Music events like Coachella and Lollapalooza are the settings for memories (at least, you should try to limit your alcohol consumption so you can remember it). They’re grand spectacles, but they’re also events you have to share with thousands of other people. The concerts are not just for you, even though you’ve paid to attend and participate.
Perhaps selfie sticks have gotten a bad rap for being self-indulgent and the people using them are often seen as being inconsiderate. However, I believe the main problem with selfie sticks is the cultural acceptance of them. Many of us have accepted the fact that if you want to take a good picture of yourself, an extending stick with a little grip at the end is the apt tool to do it. First of all, you don’t need a good picture of yourself at a music festival or anything else. What good does a picture of your face and a blurry background do?

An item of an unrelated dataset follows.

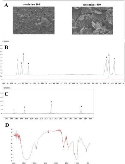 (A) Scanning electron microscopy (A × 100, B × 1000); (B) monosaccharide composition analysis by chromatograph-mass spectrometry (GC-MS). (1). Rham, (2). Fuc, (3). Ara, (4). Xyl, (5). Man, (6). Glu, (7). Gal; (C) Glycosidic linkage by methylation analysis. (1). 1,3,4,6-Me4-Glc/Manp, (2). 2,3,4,6-Me4-Glcp, (3). 2,3,6-Me3-Glcp, (4). 2,3-Me2-Glcp; (D) FT-IR spectra of SQWP-2.
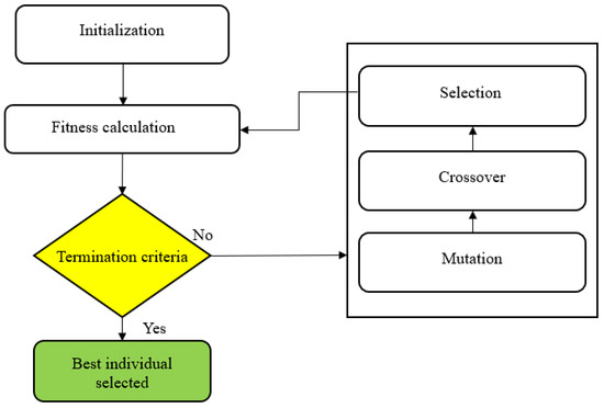 During the initialization, a population of candidate solutions is created randomly within predefined bounds and F and CR. The values chosen for CR and F in the initial population of DE impact the balance between exploration and exploitation. The generation counter is set at t = 0. The Mutation operation involves selecting three distinct individuals in the population and computing a mutant vector, with the scaling factor F. In crossover, a random vector with the proper dimension is generated and compared to CR. This comparison is employed to recombine the original solution with the mutant vector. Selection compares the trial solution’s fitness with the original solution’s fitness. If the trial solution is better (or equal), it replaces the original solution in the next generation. These steps are repeated sequentially until the algorithm terminates when the termination criterion is satisfied [35,37].

If you want to take pictures, capture candid moments, not contrived compositions. If you want a group picture, invite someone to help you take it. Most people are eager to help you capture a genuine moment between friends. More often than not it turns out better too. If you want a true memory of the event, you shouldn’t be taking pictures of yourself, you should be focussing the camera the other way, capturing your surroundings and the people around you. Or better yet, put the camera away for a bit and just savour the moment.
Admit it, it’s already bad enough that so many people are holding cameras and smartphones above their heads to record concert performances. There is no way to stop that. We have already sunk too deep into that realm to reverse the habit. But there is still time to keep selfie sticks out of our cultural norm. We don’t have to be slaves to our own narcissism. It’s time we use forward-facing products to enhance our experiences, not the kind that fish for compliments and are designed for bragging rights.